Speed of cpu inference changes with parameter values

I have two models with the exact same architecture but different parameters. The parameters are stores as float32. When I time inference on each of these models I get roughly a 10x difference in speed. Could the actual values of the parameters affect inference time on a CPU?

Note: speeds are identical on GPU


The only case that I know of is for pathologically small float numbers.
You can try to do torch.set_flush_denormal(True) at the beginning of your script to see if it fixes it (doc here: torch.set_flush_denormal — PyTorch 1.7.0 documentation).

Thanks for the response. That did not solve anything. I am quite perplexed by this.
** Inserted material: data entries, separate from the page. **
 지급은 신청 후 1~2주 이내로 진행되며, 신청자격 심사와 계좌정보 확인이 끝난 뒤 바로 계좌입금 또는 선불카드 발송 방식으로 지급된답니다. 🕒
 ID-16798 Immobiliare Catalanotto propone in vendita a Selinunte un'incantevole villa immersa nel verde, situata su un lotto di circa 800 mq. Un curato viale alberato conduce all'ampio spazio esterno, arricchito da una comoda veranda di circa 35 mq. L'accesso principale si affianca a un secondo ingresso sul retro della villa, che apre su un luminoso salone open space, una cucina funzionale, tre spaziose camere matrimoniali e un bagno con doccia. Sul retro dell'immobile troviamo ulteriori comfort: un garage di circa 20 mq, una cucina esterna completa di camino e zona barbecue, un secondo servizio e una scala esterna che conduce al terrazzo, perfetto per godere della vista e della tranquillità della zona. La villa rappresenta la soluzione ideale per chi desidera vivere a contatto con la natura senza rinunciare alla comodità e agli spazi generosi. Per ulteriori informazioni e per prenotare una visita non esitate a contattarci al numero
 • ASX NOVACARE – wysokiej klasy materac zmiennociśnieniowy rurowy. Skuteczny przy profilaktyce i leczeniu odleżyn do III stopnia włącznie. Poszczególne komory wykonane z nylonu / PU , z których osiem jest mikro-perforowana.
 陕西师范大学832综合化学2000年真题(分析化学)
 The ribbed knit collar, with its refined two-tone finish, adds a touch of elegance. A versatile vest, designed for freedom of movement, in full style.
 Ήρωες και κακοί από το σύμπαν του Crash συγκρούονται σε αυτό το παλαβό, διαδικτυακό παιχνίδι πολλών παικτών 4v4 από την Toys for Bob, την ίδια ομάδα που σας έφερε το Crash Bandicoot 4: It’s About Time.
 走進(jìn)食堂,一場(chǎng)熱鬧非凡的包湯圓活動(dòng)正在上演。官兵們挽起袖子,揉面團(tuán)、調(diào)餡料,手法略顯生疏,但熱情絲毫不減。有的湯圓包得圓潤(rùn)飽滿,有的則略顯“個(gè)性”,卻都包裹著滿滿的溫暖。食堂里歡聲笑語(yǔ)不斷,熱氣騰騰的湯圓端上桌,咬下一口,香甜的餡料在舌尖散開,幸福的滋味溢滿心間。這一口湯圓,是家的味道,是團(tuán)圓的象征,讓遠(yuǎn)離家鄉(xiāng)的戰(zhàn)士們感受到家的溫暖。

Do you have a small code sample that reproduces this that we could run on colab by any chance?

other possibilities:

  1. some indexing is done differently, one model has a lot more cache misses
  2. rejection [random] sampling
  3. some other operations with loops affected by values (some linear algebra routines, I think)
  4. order of measurements matters, as memory allocations are resolved differently (if you re-use the same process)
1 Like

What does it mean to have a lot more cache misses?

I meant L2/L3 system ram cache

I could not replicate it on google colab. I was able to get the speeds of both models to run the same. I think it was some type of caching issue. I have no real idea where to start to actually debug it.